All this sounds like to me is a way to:
1) Enshrine censorship forever, including "agreements" that allow Country A to enforce censorship of "sensitive content" in Countries B, C, etc. For example, no more worries about information hostile to the Iranian government or supportive of resistance movements being hosted in a country that doesn't respect their propaganda needs.
2) Enable local monopolies on content and services by blocking large multinational content providers unless they pay some local tax. Either way, the local strongman's family gets either a check from Zuckerberg or his son-in-law gets to start the local version of Facebook, which will be the only game in town and have no competition. Fill in the blank for Facebook, YouTube, movie services, etc, etc.
What's so astounding is how crude and simple minded these power grabs are and how threatened these dictatorships are from a propaganda/information perspective. Putin, the Iranians and the Chinese Central Committee must lay awake at night just fuming about how their propaganda reality is deconstructed just outside their grasp.
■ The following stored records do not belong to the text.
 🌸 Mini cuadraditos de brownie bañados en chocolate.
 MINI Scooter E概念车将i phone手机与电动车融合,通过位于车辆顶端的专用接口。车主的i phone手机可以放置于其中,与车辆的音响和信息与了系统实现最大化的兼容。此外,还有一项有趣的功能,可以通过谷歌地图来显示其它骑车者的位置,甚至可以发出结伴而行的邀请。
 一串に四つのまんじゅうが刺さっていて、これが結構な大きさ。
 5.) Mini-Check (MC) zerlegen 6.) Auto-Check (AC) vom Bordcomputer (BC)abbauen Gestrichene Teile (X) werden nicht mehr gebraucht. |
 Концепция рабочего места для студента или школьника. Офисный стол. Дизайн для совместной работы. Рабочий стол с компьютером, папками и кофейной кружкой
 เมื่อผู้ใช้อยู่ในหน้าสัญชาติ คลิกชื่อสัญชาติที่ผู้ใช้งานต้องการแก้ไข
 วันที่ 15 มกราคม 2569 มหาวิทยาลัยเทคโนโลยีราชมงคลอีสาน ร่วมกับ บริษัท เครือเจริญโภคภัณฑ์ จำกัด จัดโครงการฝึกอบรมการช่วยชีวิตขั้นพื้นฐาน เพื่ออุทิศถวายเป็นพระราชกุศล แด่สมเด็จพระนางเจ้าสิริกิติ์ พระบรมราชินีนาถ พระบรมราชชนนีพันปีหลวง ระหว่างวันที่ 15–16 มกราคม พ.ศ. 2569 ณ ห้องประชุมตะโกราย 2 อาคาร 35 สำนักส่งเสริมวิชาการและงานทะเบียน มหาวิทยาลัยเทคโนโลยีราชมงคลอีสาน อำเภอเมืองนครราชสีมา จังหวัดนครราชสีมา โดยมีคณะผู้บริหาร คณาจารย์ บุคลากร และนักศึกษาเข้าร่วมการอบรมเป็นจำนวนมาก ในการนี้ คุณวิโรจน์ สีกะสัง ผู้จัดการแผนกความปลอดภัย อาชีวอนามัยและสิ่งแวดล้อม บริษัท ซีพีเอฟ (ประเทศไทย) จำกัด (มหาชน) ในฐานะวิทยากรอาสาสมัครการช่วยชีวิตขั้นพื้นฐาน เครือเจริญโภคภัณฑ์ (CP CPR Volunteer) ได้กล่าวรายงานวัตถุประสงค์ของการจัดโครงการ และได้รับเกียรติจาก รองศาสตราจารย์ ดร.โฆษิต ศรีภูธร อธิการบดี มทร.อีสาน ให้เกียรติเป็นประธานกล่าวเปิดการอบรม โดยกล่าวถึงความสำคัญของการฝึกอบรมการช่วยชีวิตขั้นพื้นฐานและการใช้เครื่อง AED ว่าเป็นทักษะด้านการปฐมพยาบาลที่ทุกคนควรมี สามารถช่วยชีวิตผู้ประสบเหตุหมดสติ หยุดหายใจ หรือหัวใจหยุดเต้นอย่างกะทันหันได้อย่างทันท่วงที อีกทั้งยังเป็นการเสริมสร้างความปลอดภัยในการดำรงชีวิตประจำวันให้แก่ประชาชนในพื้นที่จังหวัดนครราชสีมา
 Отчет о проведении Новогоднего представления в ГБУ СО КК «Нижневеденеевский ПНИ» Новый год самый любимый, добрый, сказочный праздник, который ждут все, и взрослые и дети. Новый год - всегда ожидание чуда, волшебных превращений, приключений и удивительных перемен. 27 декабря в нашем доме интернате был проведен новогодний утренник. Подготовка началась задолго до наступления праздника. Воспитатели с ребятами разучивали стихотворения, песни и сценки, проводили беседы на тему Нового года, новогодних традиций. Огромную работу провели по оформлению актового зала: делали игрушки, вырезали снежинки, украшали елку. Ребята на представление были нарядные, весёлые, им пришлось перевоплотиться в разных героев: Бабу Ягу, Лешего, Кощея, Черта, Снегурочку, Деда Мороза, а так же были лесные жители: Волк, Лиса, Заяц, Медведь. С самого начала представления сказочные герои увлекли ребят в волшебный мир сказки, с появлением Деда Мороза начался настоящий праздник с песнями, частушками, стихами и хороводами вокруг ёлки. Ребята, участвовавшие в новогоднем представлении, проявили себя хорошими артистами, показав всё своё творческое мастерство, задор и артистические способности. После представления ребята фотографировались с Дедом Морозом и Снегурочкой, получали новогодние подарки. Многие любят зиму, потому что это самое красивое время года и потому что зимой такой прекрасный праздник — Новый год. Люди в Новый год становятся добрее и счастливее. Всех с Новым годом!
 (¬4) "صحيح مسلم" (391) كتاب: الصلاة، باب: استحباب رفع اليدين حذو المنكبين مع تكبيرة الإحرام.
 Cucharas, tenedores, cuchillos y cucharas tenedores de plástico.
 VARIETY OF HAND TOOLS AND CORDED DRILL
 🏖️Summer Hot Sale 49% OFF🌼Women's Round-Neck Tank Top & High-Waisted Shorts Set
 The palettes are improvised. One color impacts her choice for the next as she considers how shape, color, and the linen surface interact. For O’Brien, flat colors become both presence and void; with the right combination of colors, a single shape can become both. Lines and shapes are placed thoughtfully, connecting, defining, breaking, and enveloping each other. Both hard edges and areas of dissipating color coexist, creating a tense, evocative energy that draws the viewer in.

The economic element of this is also not insignificant. Most tin pot dictatorships have shitty economies because the strongman's family gets a cut of everything or a local monopoly. This works with Coke because you bottle it there, but it doesn't work with Facebook or Google and it must make the local batshit knowing that all kinds of money is being made they can't extort.
and then in 12 years (or two governmental adminsitrations from now), comcast renames themselves and then repurchases their xfinity division... either that, or AT&T (bellsouth much?) does.
And a small group of powerful people deciding exactly who gets access to what products and exactly how much they cost is, of course, capitalism.
I see that we have a lot of work to do on the education front. I advise any citizens of the USA to live in one of these countries for a few months or longer and then come back to this discussion. The Department of Commerce is doing a good job of paying the bills and the AD-Hoc nature is working well for everything else. Vint Cerf even when out of his way to mention this recently. Always remember that the Internet started as a DARPA project to keep communication up when actions happen to prevent it.
The Internet is here. Its for looking at lolcats.
The GPL, for those that truely understand.
Correct me if I am wrong, but isn't DNS the only thing that the United States controls about the internet as a whole? If the other nations do not like our control over DNS, why don't they come up with their own DNS network? If they don't like the openness of the internet, why don't they just have firewalls around their countries in order to only allow authorized traffic? There is no need for the UN to control the internet.
No, I was testing to see if it was true, and judging by the speed at which the post was admin-modded down it appears to be true.
Honestly, this article is just yet another US sourced scare mongering story.
This. The people asking what the ITU has ever done for them are clearly ignorant of the vital role it plays in the area of communications and technology standards, especially through its ITU-T arm (formerly CCITT). Basically, global standards of the letter-dot-number format are from the ITU. Like T.80, which we know as JPEG. V.34 modems with V.42 error correction. The whole series of G.99x standards, which we know as DSL. H.264 video. H.323 VoIP.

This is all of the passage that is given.